I would like to close with a poem that is simply called, “Heaven.”

I’ve purchased a town lot in heaven. On the city not built with hands.
I’m sending material daily, to build in that happy land.
I’d like a mansion on Main Street, where streets are all paved with gold.
With a clear view of the pearly gates, where Christ takes care of the soul.
I want to send good material that will stand the test of time.
Prayer is for the foundation, faith and love for the walls.
Good deeds for the reinforcement, that will stand when the Savior calls.
I would like you, for my neighbor in that city so divine.
Maybe just across the street or your home close to mine.
Up there, we will know no sorrow, tears will never dim the eyes.
There we will rest in peace forever in that happy home on high.
So my friends, start to build your home beyond the sky.
Where we can all be together in the sweet by and by.

Many people have the misconception that the only time we should think of heaven is when we are in the ICU or at a funeral.

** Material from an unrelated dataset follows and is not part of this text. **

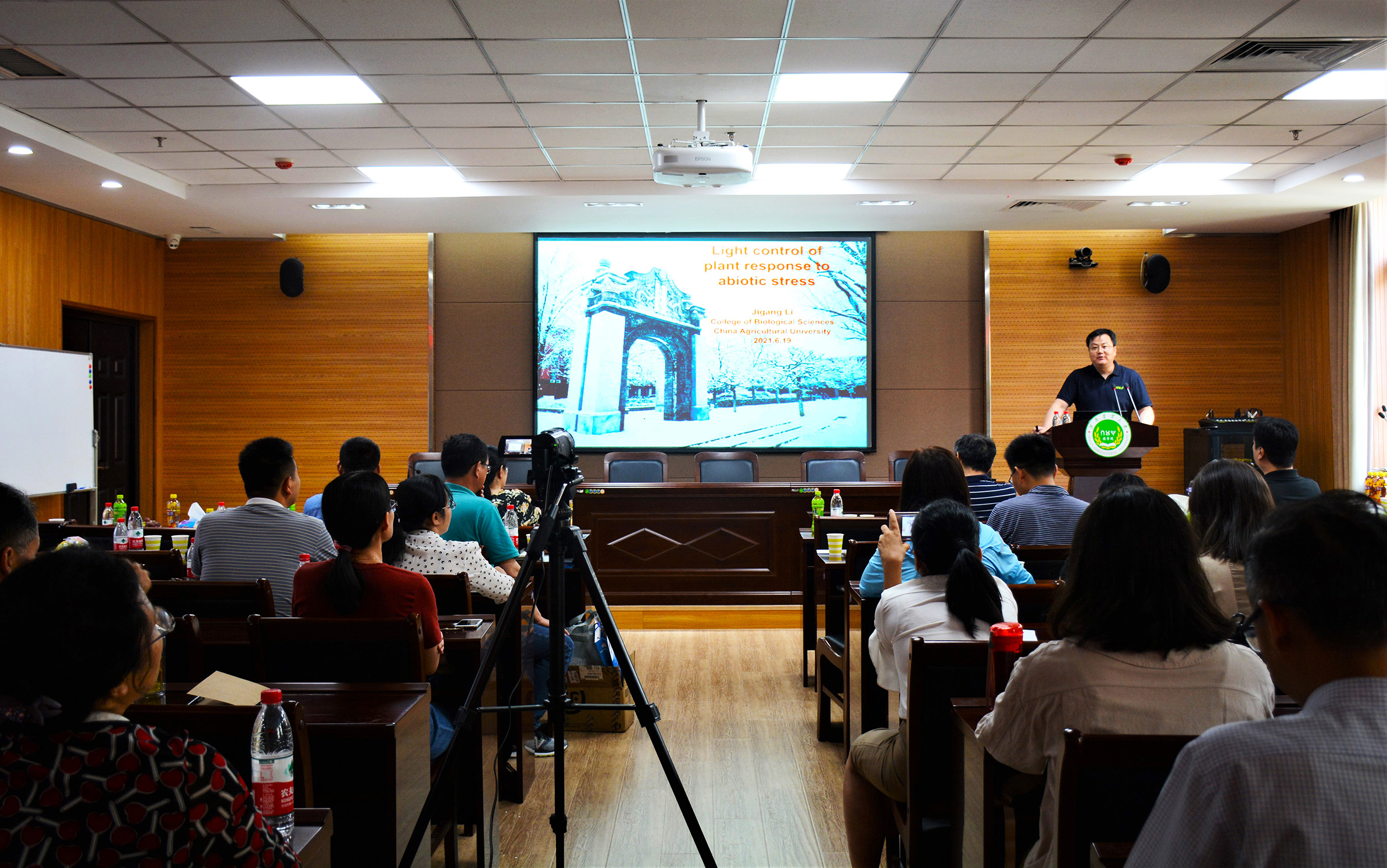 中国农业大学李继刚教授以“光调控植物逆境响应的分子机制”为题,介绍了光和低温信号、光和ABA信号的互作机制,阐述了光和低温信号互作途径的关键转录因子PFS和CBFS之间的密切调控关系,揭示了在黑暗下调控植物ABA信号途径的组分和机制。

I don’t know about you, but the thought of heaven motivates me to do right so I don’t miss it.

We don’t want to be so heavenly minded that we are not earthly good, and we don’t want to be so earthly minded that we are not heavenly good. It is like taking out a life insurance policy, we don’t dwell because we know everything is in place; we can actually live better and more relaxed.  It is the same with our heavenly home; we live within that promise and hope.